Exercise goal:
Once you reach the line that holds "Semi round skylight." in the listing below, output it and every line after it through the line that holds "Writing Journals And", word for word.

Given information:
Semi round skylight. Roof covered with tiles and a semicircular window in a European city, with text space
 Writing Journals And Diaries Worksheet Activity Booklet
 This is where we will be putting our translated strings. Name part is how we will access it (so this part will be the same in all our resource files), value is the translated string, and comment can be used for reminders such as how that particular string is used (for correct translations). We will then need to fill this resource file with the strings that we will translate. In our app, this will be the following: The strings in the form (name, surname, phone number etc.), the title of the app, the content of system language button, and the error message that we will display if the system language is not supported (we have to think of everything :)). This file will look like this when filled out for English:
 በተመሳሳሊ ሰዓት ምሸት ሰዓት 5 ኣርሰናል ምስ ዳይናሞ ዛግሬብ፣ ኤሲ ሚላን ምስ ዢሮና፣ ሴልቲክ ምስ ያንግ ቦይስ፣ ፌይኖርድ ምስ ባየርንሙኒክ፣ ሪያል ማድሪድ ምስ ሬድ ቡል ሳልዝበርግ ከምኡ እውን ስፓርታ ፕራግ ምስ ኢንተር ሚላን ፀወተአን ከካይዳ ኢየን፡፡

---

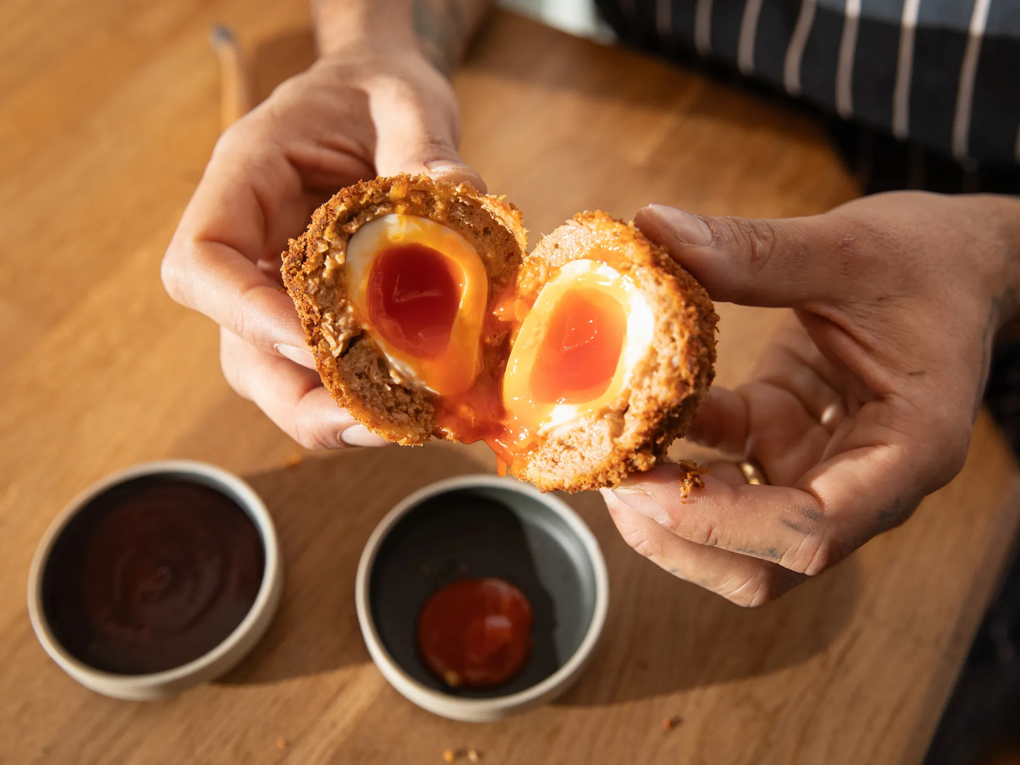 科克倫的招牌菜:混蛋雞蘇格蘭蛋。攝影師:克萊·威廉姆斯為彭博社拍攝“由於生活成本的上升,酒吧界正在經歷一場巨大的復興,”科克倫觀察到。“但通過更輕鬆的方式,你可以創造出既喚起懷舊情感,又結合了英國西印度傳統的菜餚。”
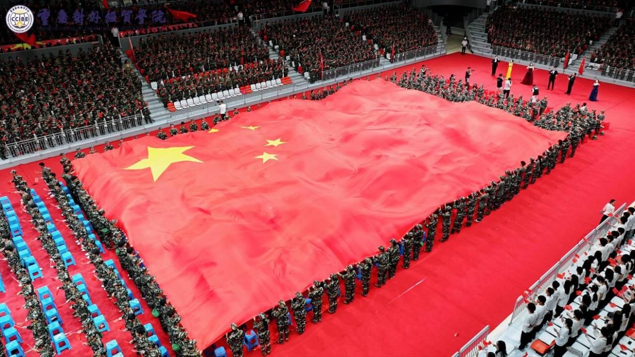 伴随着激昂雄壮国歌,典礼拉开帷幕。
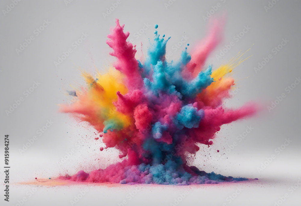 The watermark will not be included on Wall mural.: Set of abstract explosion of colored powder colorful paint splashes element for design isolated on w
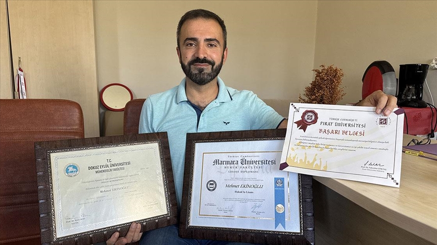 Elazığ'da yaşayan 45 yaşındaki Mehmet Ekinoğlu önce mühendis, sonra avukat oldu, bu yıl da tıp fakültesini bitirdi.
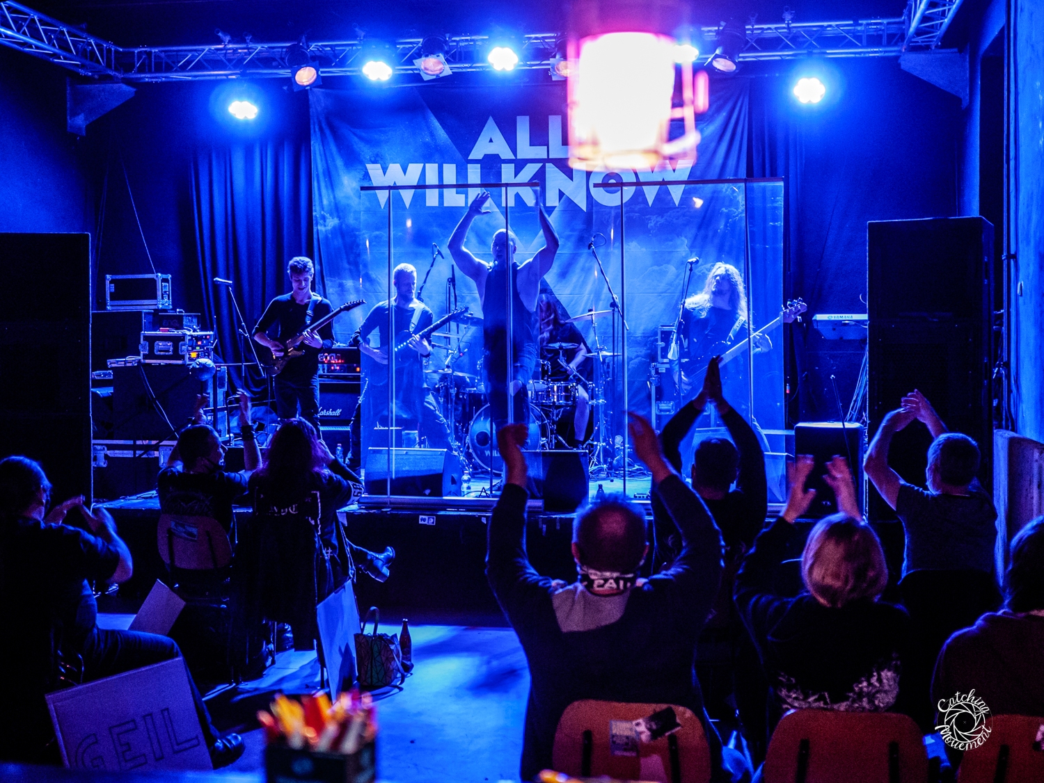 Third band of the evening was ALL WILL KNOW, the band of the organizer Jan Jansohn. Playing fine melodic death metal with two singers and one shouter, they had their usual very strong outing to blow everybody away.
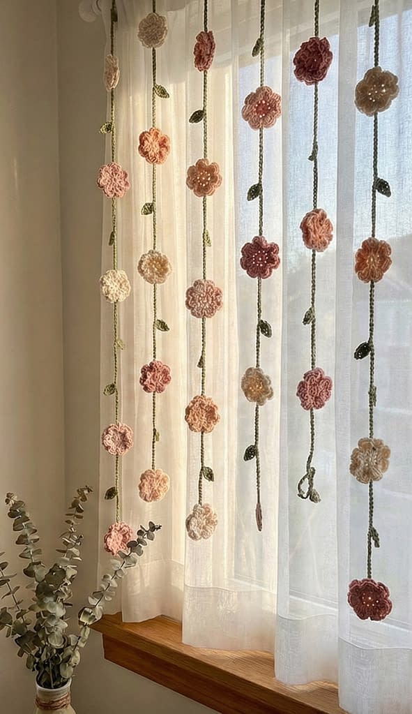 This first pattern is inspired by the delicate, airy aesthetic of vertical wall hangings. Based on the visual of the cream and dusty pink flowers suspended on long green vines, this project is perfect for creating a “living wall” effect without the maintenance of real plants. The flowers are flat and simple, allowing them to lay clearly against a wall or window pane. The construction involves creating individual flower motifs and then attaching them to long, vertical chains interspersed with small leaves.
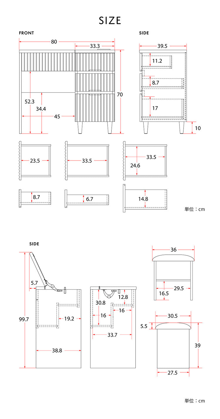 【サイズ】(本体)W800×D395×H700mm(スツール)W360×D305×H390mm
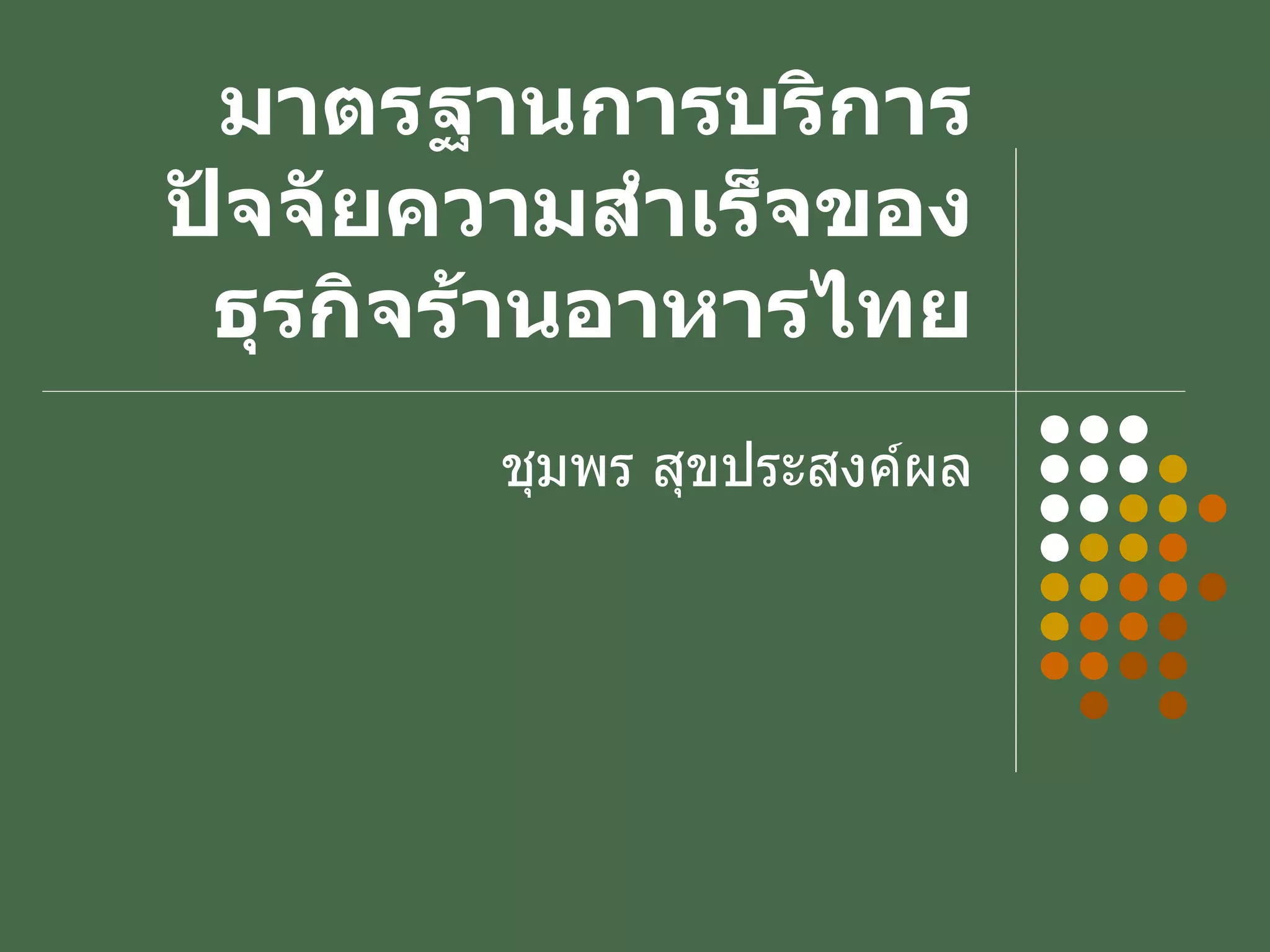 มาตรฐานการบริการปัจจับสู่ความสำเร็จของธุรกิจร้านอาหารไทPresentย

Worked solution:
Semi round skylight. Roof covered with tiles and a semicircular window in a European city, with text space
 Writing Journals And Diaries Worksheet Activity Booklet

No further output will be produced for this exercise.